DIRECTIONS FOR THIS TASK:
In this exercise, print only the lines of the records below from the one with "Sparkly Cupcake Custom" through the one with "This elegant lace", inclusive. Pictures are not part of the copy.

EXTRACTED RECORDS:
------------------------

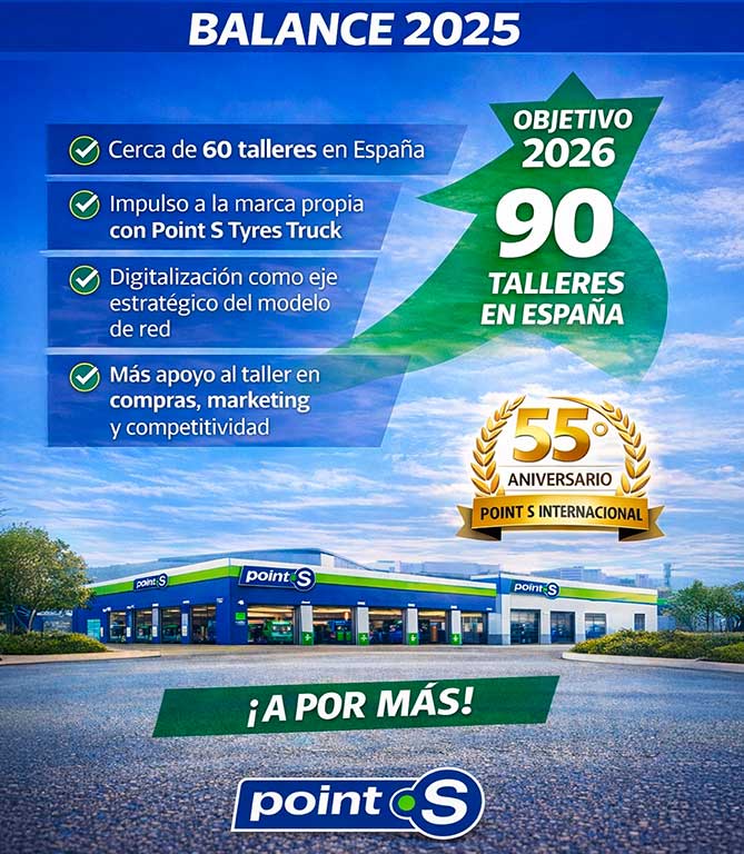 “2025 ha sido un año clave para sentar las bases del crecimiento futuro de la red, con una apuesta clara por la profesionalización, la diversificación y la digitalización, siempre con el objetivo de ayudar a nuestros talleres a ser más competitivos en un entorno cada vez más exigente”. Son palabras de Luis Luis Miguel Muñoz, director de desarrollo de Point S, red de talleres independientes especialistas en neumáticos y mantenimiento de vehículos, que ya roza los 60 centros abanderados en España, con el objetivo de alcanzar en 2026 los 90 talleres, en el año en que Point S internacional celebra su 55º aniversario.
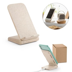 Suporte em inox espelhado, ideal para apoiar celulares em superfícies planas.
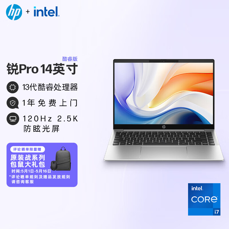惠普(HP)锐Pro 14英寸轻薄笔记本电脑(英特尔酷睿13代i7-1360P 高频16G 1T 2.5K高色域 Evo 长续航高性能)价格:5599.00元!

------------------------

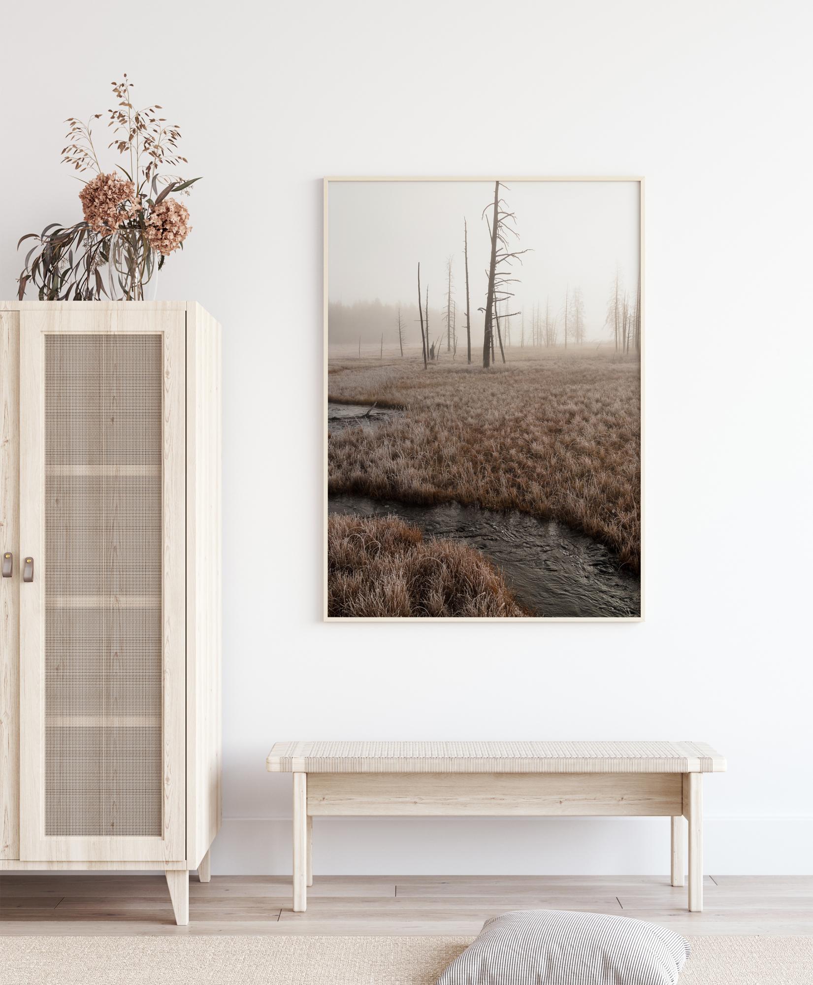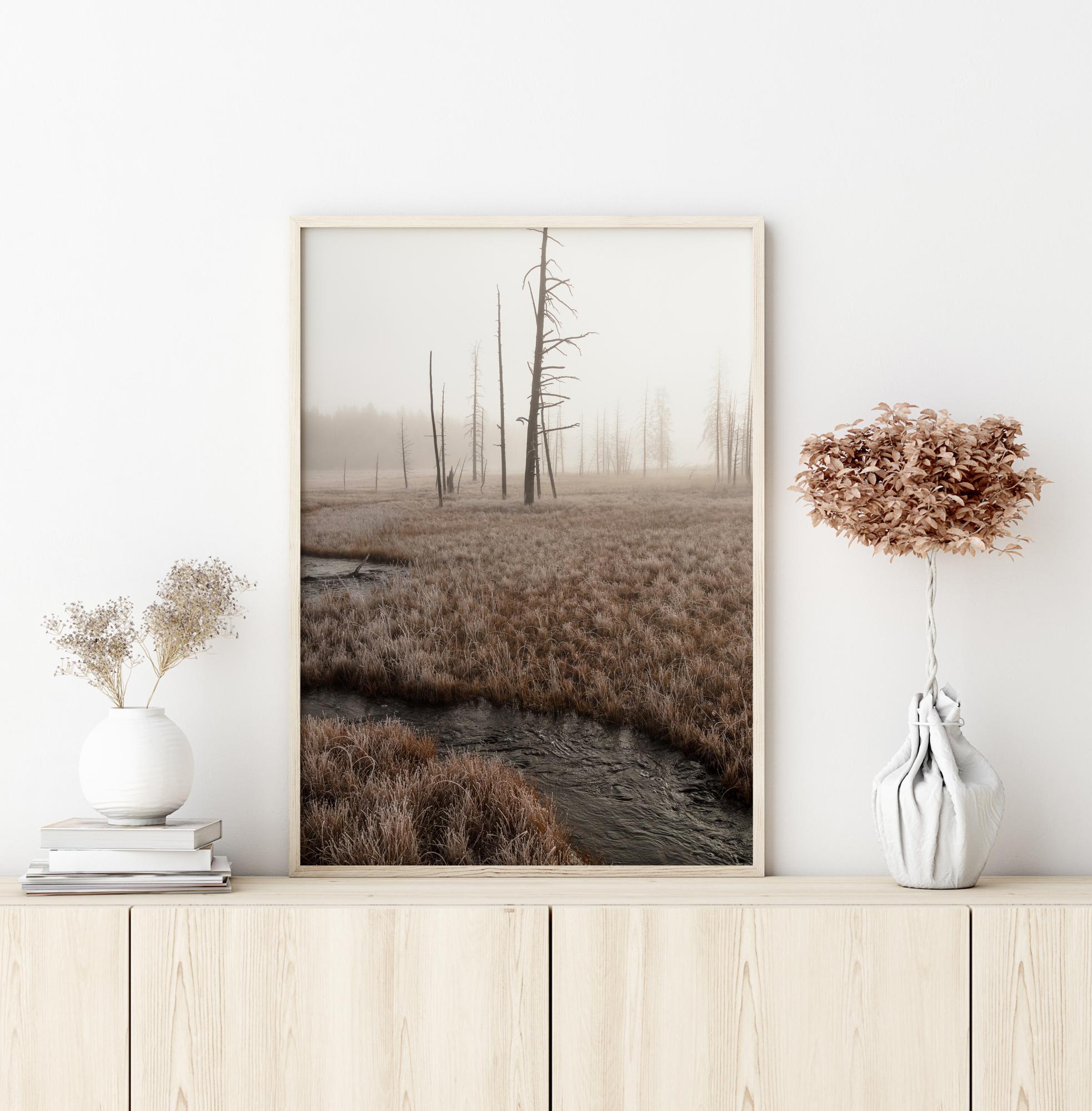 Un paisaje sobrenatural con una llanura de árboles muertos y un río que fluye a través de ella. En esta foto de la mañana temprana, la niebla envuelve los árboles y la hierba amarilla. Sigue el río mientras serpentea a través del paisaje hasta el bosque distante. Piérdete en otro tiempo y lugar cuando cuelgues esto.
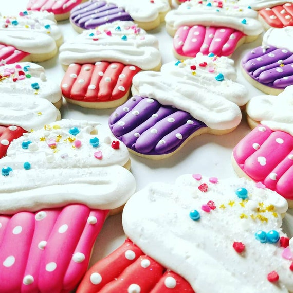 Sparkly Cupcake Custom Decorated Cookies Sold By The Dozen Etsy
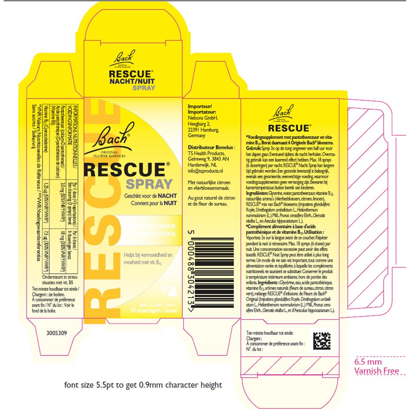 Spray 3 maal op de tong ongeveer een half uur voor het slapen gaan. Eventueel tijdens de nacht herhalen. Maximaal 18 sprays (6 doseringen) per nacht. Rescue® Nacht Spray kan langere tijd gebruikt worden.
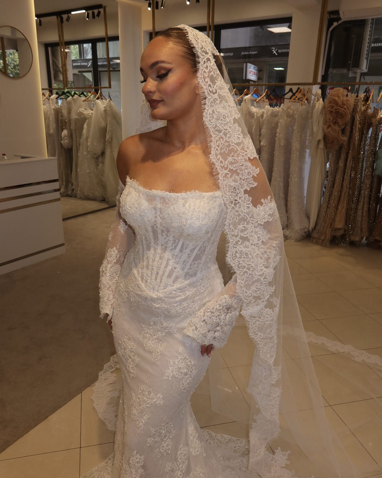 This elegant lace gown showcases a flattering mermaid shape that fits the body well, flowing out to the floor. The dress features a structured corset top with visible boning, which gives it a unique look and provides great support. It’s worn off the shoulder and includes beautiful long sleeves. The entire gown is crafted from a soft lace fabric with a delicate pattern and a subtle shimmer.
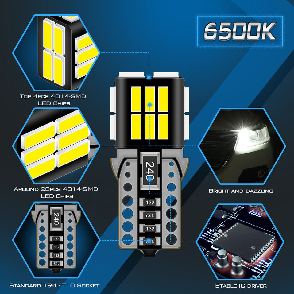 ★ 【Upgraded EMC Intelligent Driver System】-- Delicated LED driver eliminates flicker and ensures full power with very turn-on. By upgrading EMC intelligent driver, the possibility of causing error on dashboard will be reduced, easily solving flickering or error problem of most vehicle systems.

------------------------

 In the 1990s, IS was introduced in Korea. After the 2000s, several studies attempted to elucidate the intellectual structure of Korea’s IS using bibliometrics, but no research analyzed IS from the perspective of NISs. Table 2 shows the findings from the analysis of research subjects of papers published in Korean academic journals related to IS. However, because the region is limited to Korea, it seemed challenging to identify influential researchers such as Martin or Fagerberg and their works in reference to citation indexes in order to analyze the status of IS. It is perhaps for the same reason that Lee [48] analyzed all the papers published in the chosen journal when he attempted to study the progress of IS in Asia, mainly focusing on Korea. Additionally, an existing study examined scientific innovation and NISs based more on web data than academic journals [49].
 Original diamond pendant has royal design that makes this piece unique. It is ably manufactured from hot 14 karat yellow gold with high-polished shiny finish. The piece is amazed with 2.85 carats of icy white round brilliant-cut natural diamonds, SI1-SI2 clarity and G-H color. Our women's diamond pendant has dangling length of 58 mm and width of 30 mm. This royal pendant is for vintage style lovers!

------------------------

ANSWER TO THE EXERCISE:
 Sparkly Cupcake Custom Decorated Cookies Sold By The Dozen Etsy
 Spray 3 maal op de tong ongeveer een half uur voor het slapen gaan. Eventueel tijdens de nacht herhalen. Maximaal 18 sprays (6 doseringen) per nacht. Rescue® Nacht Spray kan langere tijd gebruikt worden.
 This elegant lace gown showcases a flattering mermaid shape that fits the body well, flowing out to the floor. The dress features a structured corset top with visible boning, which gives it a unique look and provides great support. It’s worn off the shoulder and includes beautiful long sleeves. The entire gown is crafted from a soft lace fabric with a delicate pattern and a subtle shimmer.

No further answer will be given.